I feel myself getting closer and closer to Alex each day. The first thing I know this from is the fact that my empathetic feelings are starting to kick in. I finally realized what my headache for the past week or so has been. It got really bad last night. I could barely open my eyes. And where did this headache start? Right above my left eye. This headache was caused by me feeling Alex's pain. Yesterday, it was awful. Today it's not so bad, because everytime it starts to hurt, I go to sleep. Sleep is my only refuge. My father told me that after Alex's surgery my headache might go away. It might take a little longer for it to disappear because of the delayed distance effect, but eventually it should go away. That's the bad thing about being an empath. When you get close to someone, you feel all of their pain. You suffer, even if they aren't feeling it. Even if they cannot feel their pain, you can. I am only this close with a few people outside of family. The others I have known for years. It is for this reason that I realized how close I am getting to Alex.
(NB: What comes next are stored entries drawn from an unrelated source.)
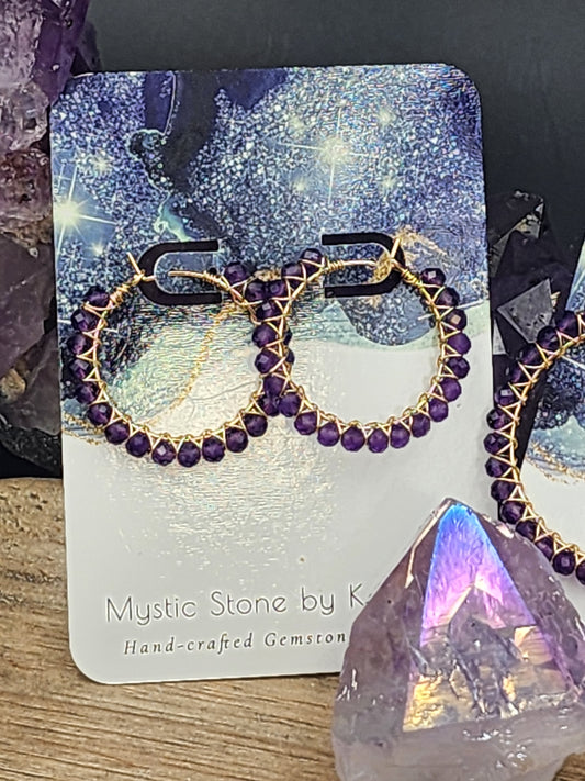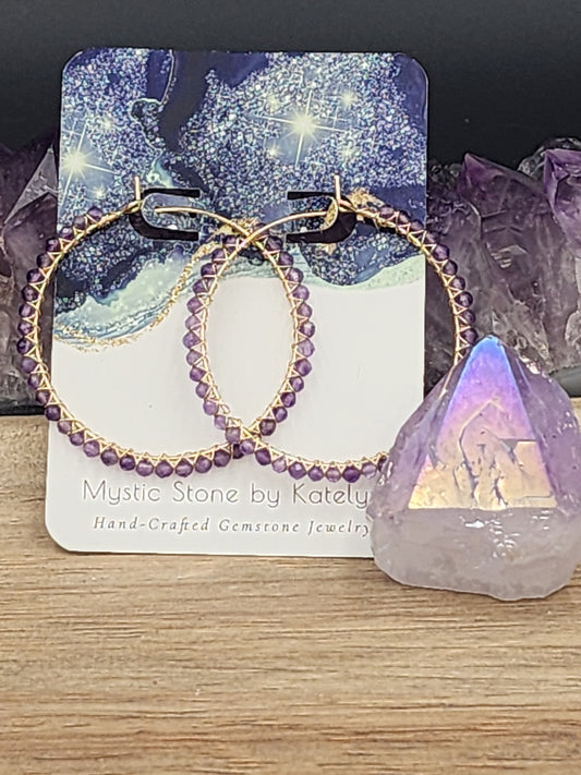 14k Gold-Filled Deep Purple Amethyst Gemstone Hoop Earrings, two sizes 30mm or 40mm diameter
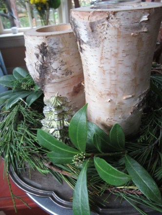 3 pieces make up the last tablescape using the evergreens from photo 1
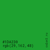 Цвет #1DA230 в цветовой модели RGB обозначается тремя октетами (29, 162, 48) в десятичном формате и #1DA230 в шестнадцатиричном (hex) формате, которые являются интенсивностью красного 29 (hex 1D), интенсивность зелёного 162 (hex A2) и интенсивность синего 48 (hex 30).
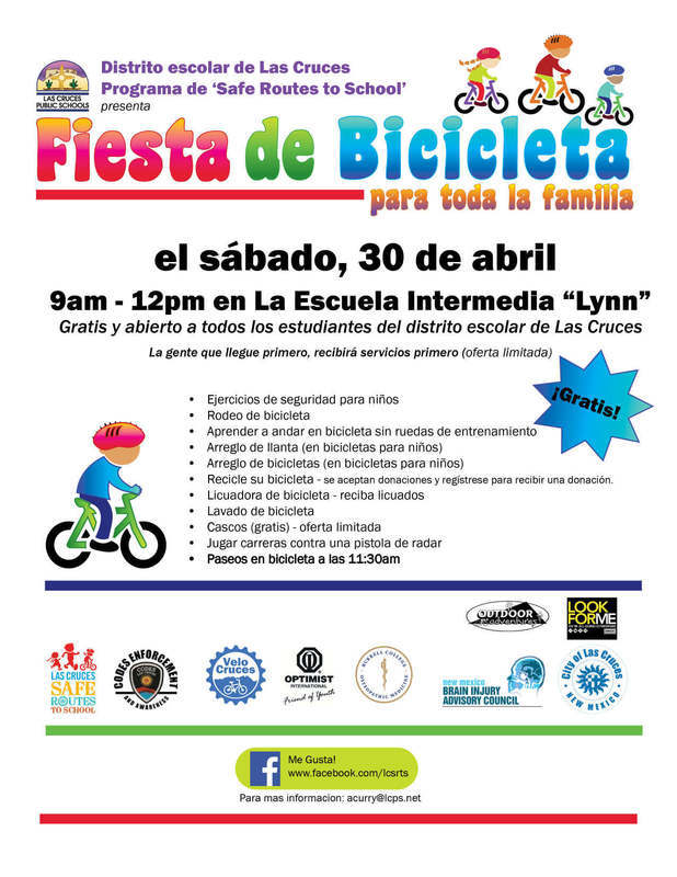 The Las Cruces Public Schools’ Safe Routes to School Program will offer a bicycle education event at Lynn Community Middle School from 9 a.m. to noon on Saturday, April 30. The Family Bike Fiesta is free and open to all students in the LCPS district.
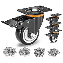 Heavy Duty Caster Wheels Set of 4, 75mm Swivel Trolley with 4 Brakes, No Floor Marks Silent Castors for Furniture, Rubbered Trolley Wheels Load Capacity up to 450KG, 3 inch, Free Fitting M6/M8 Screws
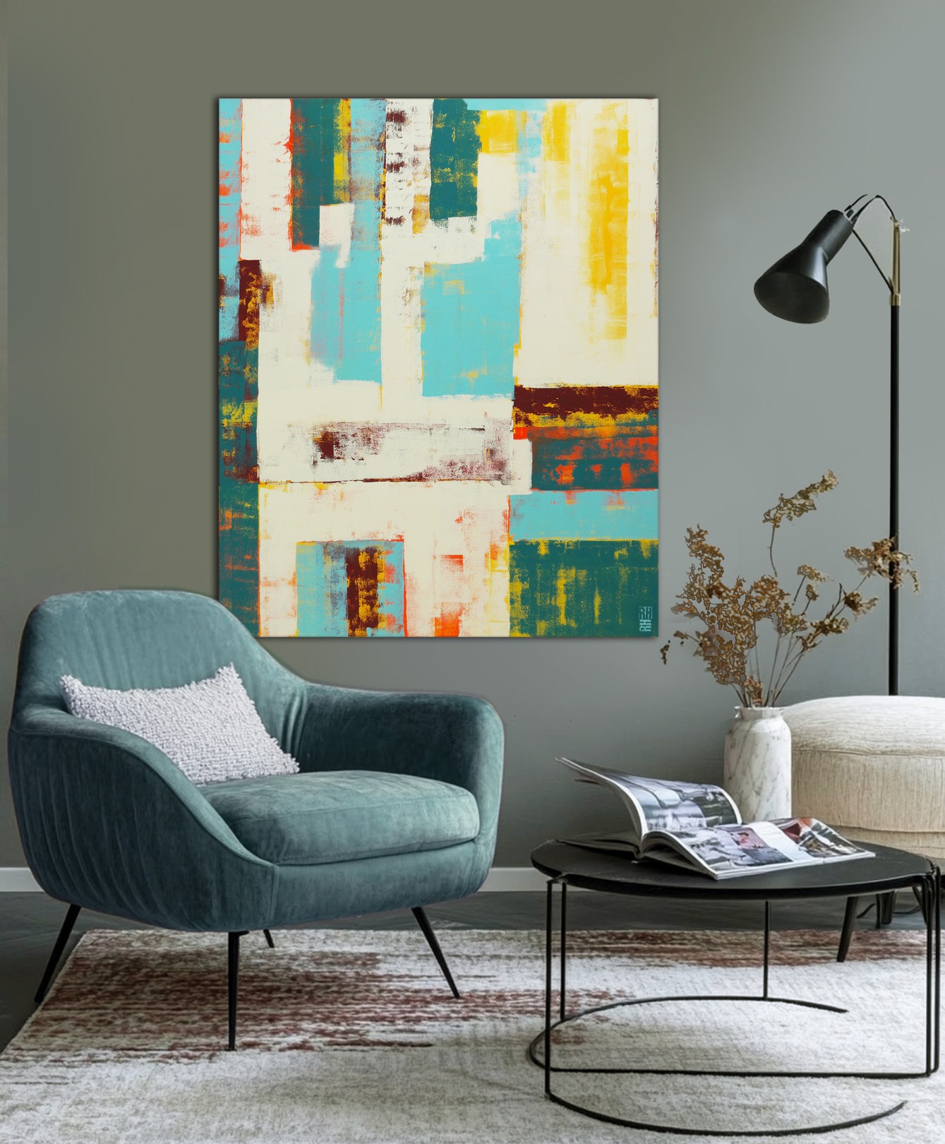This abstract artwork is a vibrant tapestry of geometric shapes and bold colors. Dominating the palette are rich blues and yellows, punctuated by stark white and deep reds. The composition is a masterful interplay of vertical and horizontal rectangles, each layer adding depth and intrigue. Brushstrokes are both assertive and textured, providing a tactile element to the visual experience. The balance of color and form suggests a dynamic yet harmonious atmosphere, inviting viewers to explore its complexity. Unique in its ability to evoke emotion through minimalism, the piece captures a sense of movement and energy. The juxtaposition of warm and cool tones enhances its modern aesthetic, making it a striking example of contemporary abstract art. This work is a testament to the power of color and form to communicate beyond words.
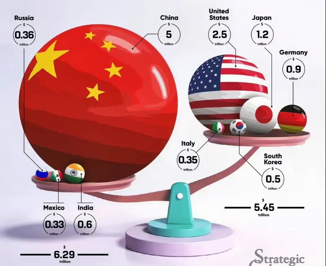 但是如果美元的儲備貨幣地位受到質疑,不能將超發的貨幣散到世界各國,那麼美國現在的通脹就不是10%而是30%了。2020年到2024年四年時間,美國就印了15萬億的美元,相當於咱們三十多年累積的外匯儲備的五倍,相當於四個日本的GDP。
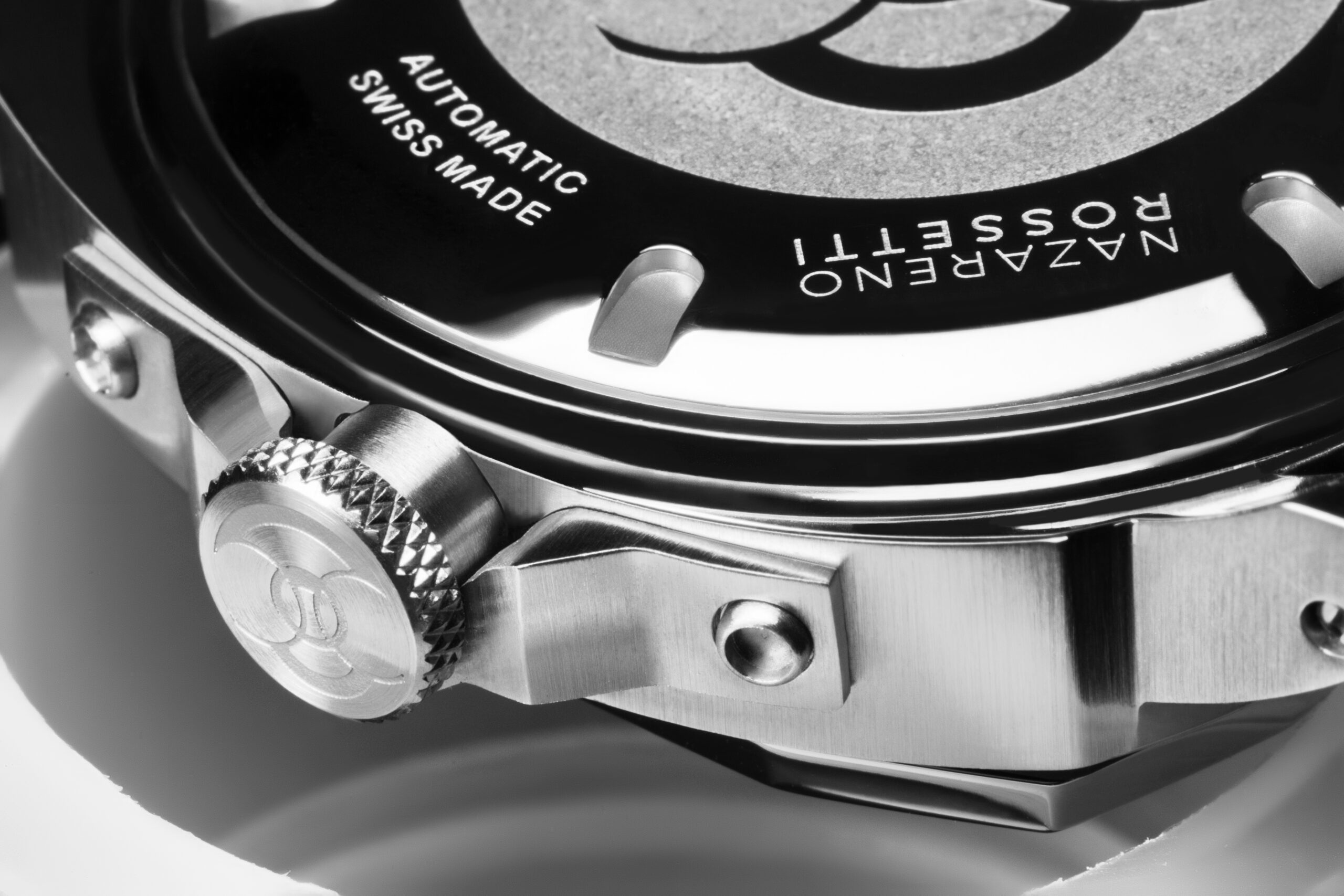 L’acciaio chiaro incastona e protegge il vetro zaffiro lenticolare che racchiude il doppio quadrante garantendo una visibilità perfetta da ogni angolazione, caratteristica unica del design del Nazareno Rossetti.
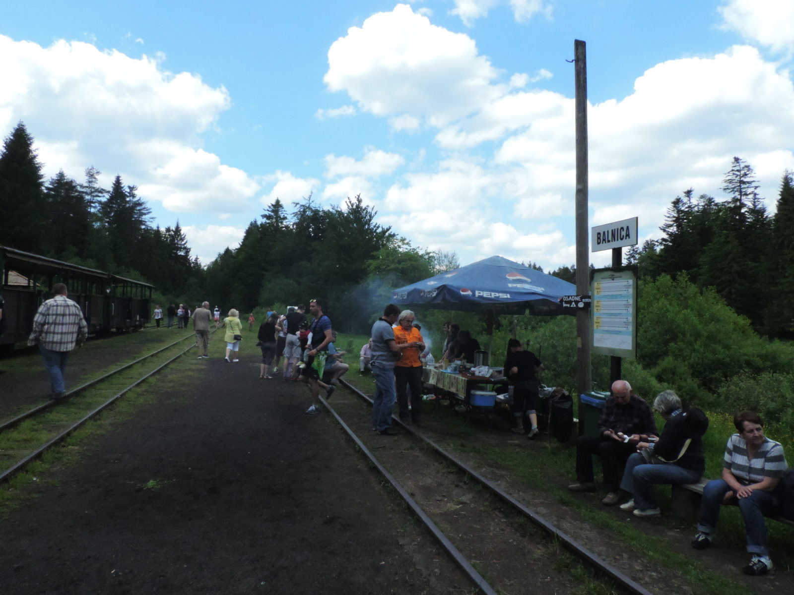 Na stacji docelowej postój około 30 minut. W Balnicy nic ciekawego nie ma, ale zadbano o to, aby turysta mógł wydać trochę grosza, kusząc zapachami z grilla 🙂 My skusiliśmy się na domowy bigosik i pajdę chleba ze smalcem i kiszonym ogórem! Mniam!
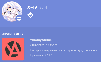 node index.jsГотово, теперь то что вы смотрите на сайте, отображается у вас в Discord, если вы свернули или открыли другое окно, оно так же будет указано в статусе (только название приложения :))
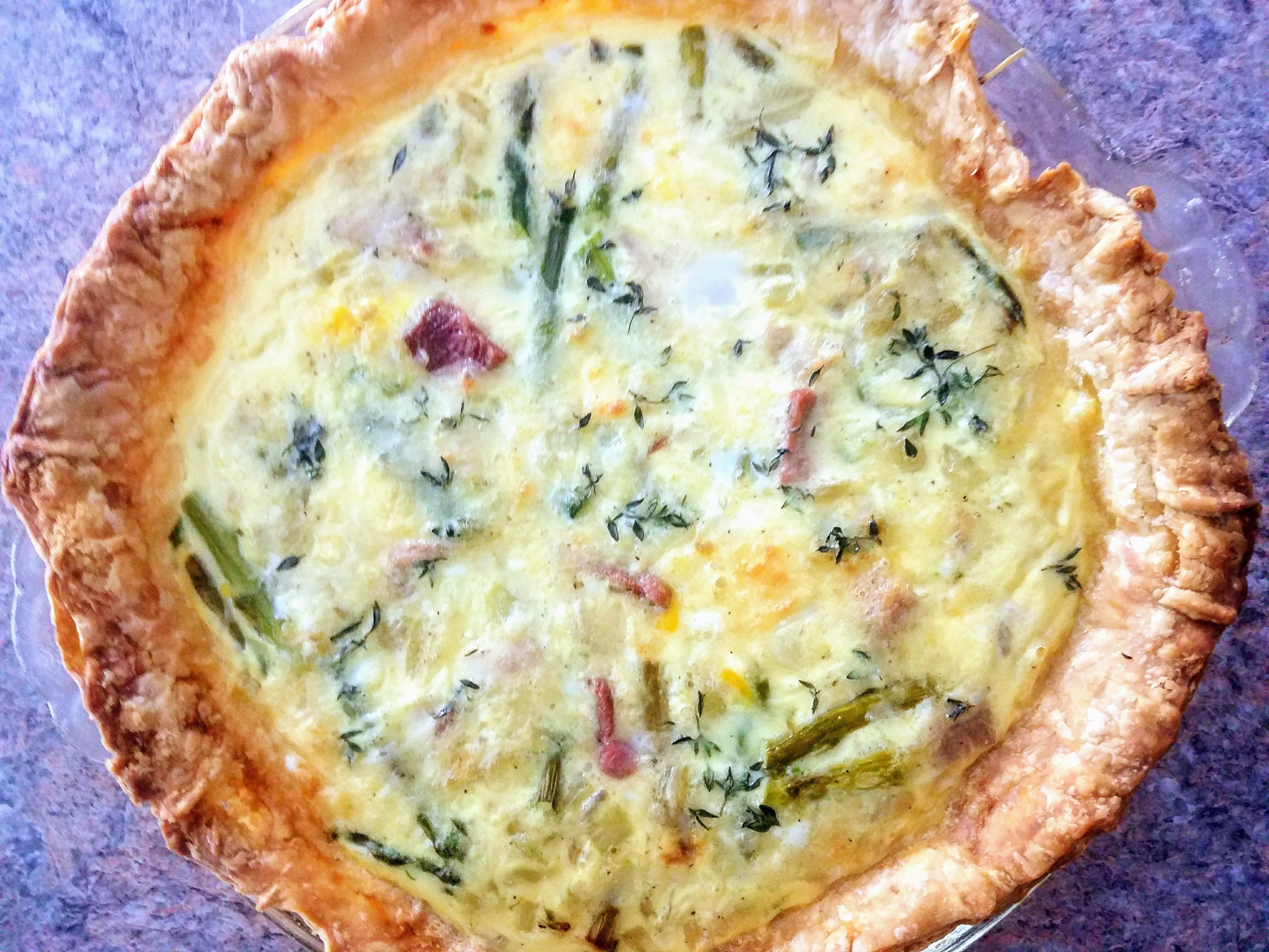 Rustic Quiche with ham, asparagus, onion, shredded cheddar cheese and fresh thyme. Easy, filling, and convenient to transport this quiche is perfect to bring to work during the week and it's a crowd pleaser for weekend brunch. Visit http://ashleyspaige.com/rustic-ham-asparagus-quiche/ for full recipe!
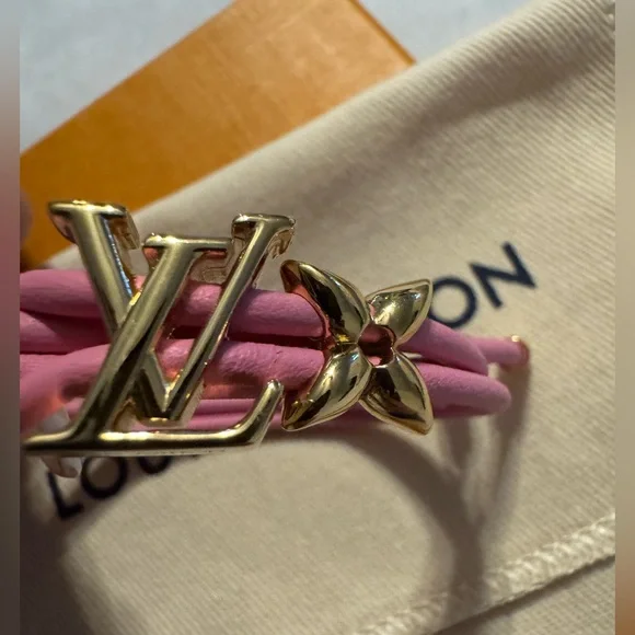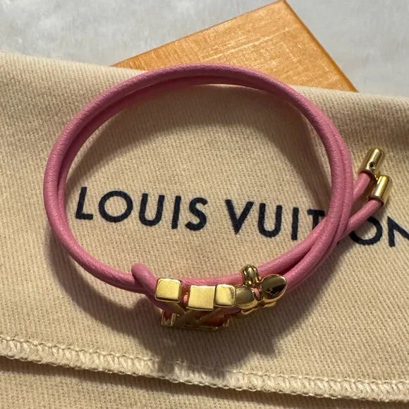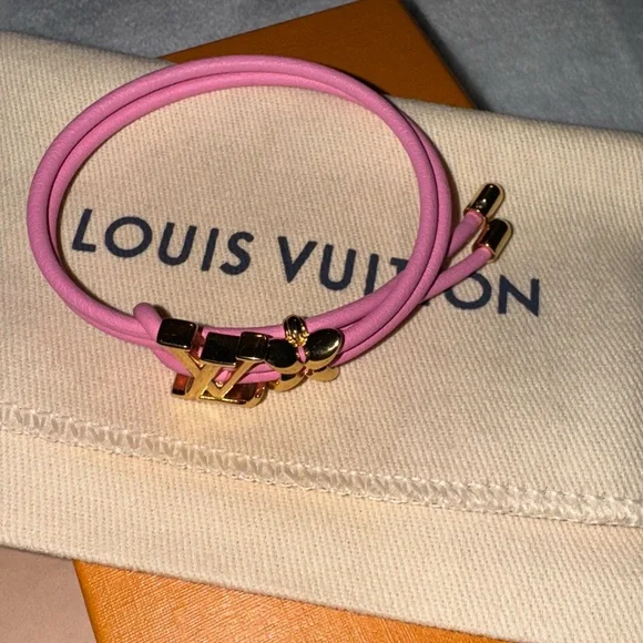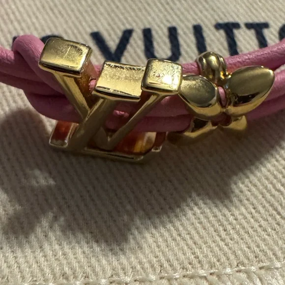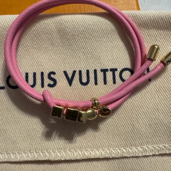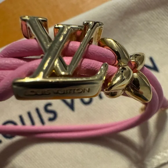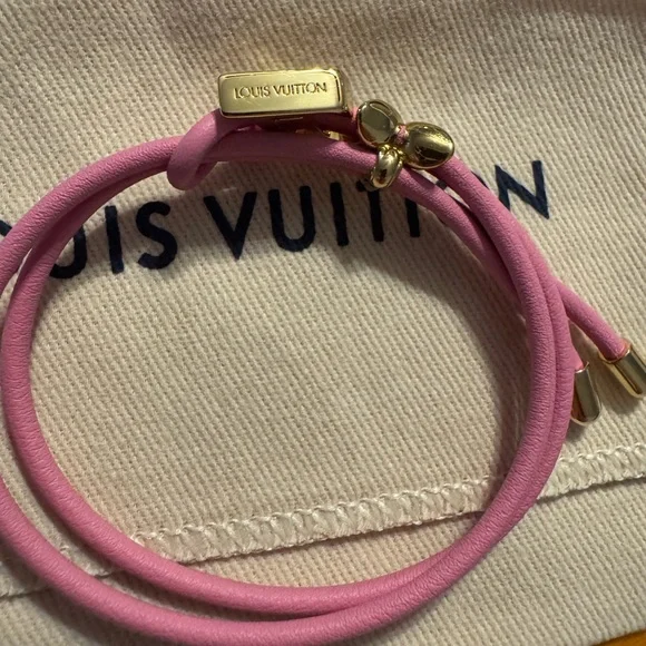 Elegant pink bracelet with gold accents from Louis Vuitton. Stylish and chic.New on website! New release!Get it here cheaper than online. I thought I was a bracelet person and I can’t wear bracelets on my wrist. I don’t live near Louis Vuitton so I miss the return.My loss your win!!
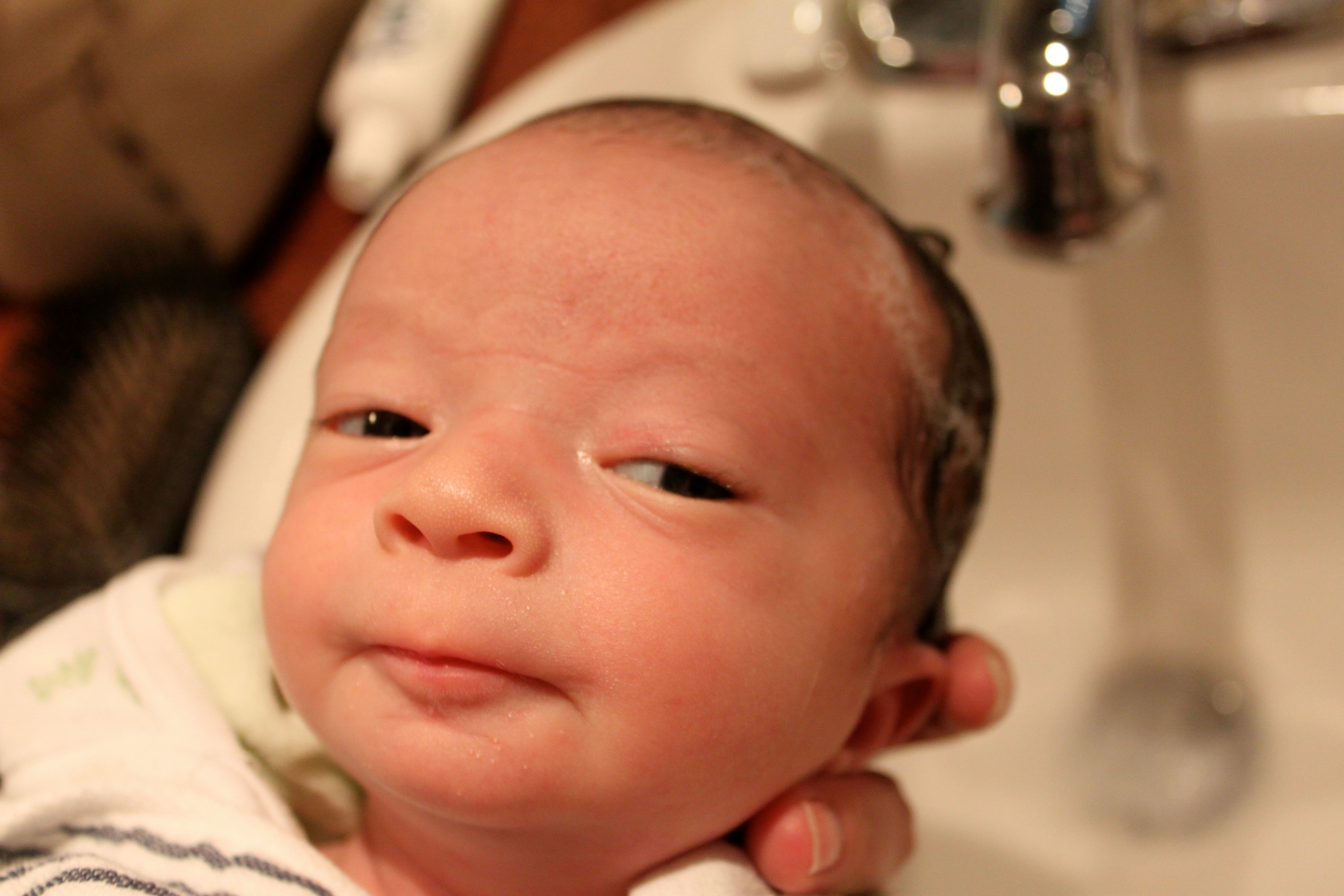 The delivery was quite the ordeal: The mom's water broke before she got to the hospital, and she didn't have time for an epidural. She developed preeclampsia. They did an episiotomy and used forceps to pull the baby out.

Another way I realized that I am feeling closer to him is that the other night, Jada brought some of her guy friends over. I was already in my pajamas, my hair looked like crap, and I had no makeup on. I knew they were coming over and I didn't change what I looked like one bit. Normally I run a curling iron through my hair and throw on some makeup, but this time I didn't even care. The guys tried to flirt with me and I shrugged it off. I didn't care. All that was on my mind was my boyfriend. After they left I realized what just went on and I was shocked. I always care what I look like in front of guys that don't know me and this time I didn't give two shits. I didn't even think twice about it when she said she was coming over and bringing Eric & Jason. I just continued to sit at my computer and talk to friends until they got here. But, you know what? I like not caring what other people think of me. I like knowing that no matter what, Alex is still going to think I'm beautiful and he's still going to love me. It's a good feeling.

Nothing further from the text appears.